Can we use AI to create a Christmas music video?

Data Insights

Artificial Intelligence (AI) and text to image technology has boomed in the last year. With multiple tools already widely accessible to users, it’s possible to create your very own custom imagery based on any one idea and byway of simple text to image prompts. With that in mind, we wanted to test the capabilities of said models to see if we could put together a Christmas music video. Because we feel, that’s exactly what the industry needs, more; ingenuity, creative innovation and horrifyingly good Christmas music videos.

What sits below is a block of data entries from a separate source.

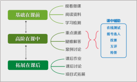 按照单元教学目标的高低阶层次,将对应的教学内容分为基础模块和高阶模块。基础模块内容安排在课前学习,以微课为主。高阶模块内容服务于高阶思维及综合能力培养,在课中进行,通过案例分析、讨论等互动学习促使学生深度思考、完成知识内化。课后增加学科知识及能力拓展内容,以小组互助学习为主。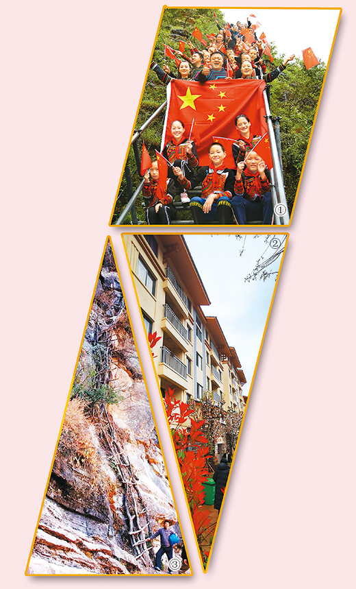 ① Villagers of Atulie’er village, which is situated on a cliff in Zhaojue county, Liangshan Yi Autonomous Prefecture of southwest China’s Sichuan Province, pose for photos during an event marking the 70th anniversary of the founding of the People’s Republic of China on the handrail-equipped steel ladder in September 2019. (Photo/Ake Jiushe)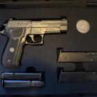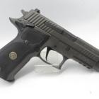 L'arme tient bien en main. Elle est assez compacte mais offre tout de même une large place pour les deux mains. Les quadrillages à l'avant de la poignée et du pontet donnent une bonne adhérence en prise haute. Nous avons tiré quelques balles sur appui afin de juger la précision réelle de l'arme. Puis à bras francs. Le recul est réellement contenu et malgré le poids assez léger de ce pistolet il ne relève vraiment que très peu. Sig Sauer propose une belle version de son P226, certes beaucoup plus chère mais qui satisfera les tireurs ayant un bon budget et les amoureux de belles armes.

Last Christmas, we looked at ways to create our very own Christmas song using a similar approach (you can find the blog here). Based on the tech available at the time, we opted for a model called Markov Chain, an AI tool that is able to automate text based on previous training as well as previous steps taken. So it was apparent to us that this model was perfect for song writing, and we’ll show you just how capable it really was.

The Christmas Video

So, as we already have the AI ghost writer behind this one, all we needed was some help with the visuals to try and compete with the likes of Mariah Carey this Christmas. While the current tech required for a music video (text-to-video) is currently unavailable to us, we decided that we would have to adopt the briefly mentioned text to image methodology for each of our frames.

The Technology

Just as we did with the song writing, we now had to consider the existing tools that could help us create our own music video (without asking for too much help from our Creative team). With the popularity of Dall-E and the likes of other tools on the rise, as well as the likes of DALL-E 2 now in the mix, we wanted to explore the wide realm of text to image technology. With all things considered, it seemed obvious to go ahead and utilise a model named Stable Diffusion. A model which facilitates for the integration of Whisper – a bit of tech which helped recognise song lyrics to further help our text prompts which the AI requires to produce the desired imagery. This seemed the most suitable of methods, as a fundamental aspect of music video production is surely that each image produced is at least a small representation of the lyrics, right?

The Process

With the appropriate tech in place and the workflow/concept understood, the process seemed pretty straight forward, or so we had thought. With the prompt breakdown assisted by Whisper, respective of our song lyrics created by Markov Chain we now had the opportunity to overwrite these prompts. In doing so, overwriting such prompts to add styles and themes helped further direct the Stable Diffusion model to create images more suiting to a Christmas audience.

A steeper learning curve than expected

“Santa Delivering Presents at Christmas”- Having thought that a simple prompt such as this one, would be exactly the sort of thing one would use to produce a respective image of the instruction. Of course we were wrong, and the results, simply horrifying. In order to get something more in the way of a John Lewis advert and less, ‘The Hills Have Eyes, Christmas Special’, we would have to reconsider our approach and possibly tweak our prompt to help the computer understand exactly what we want from it.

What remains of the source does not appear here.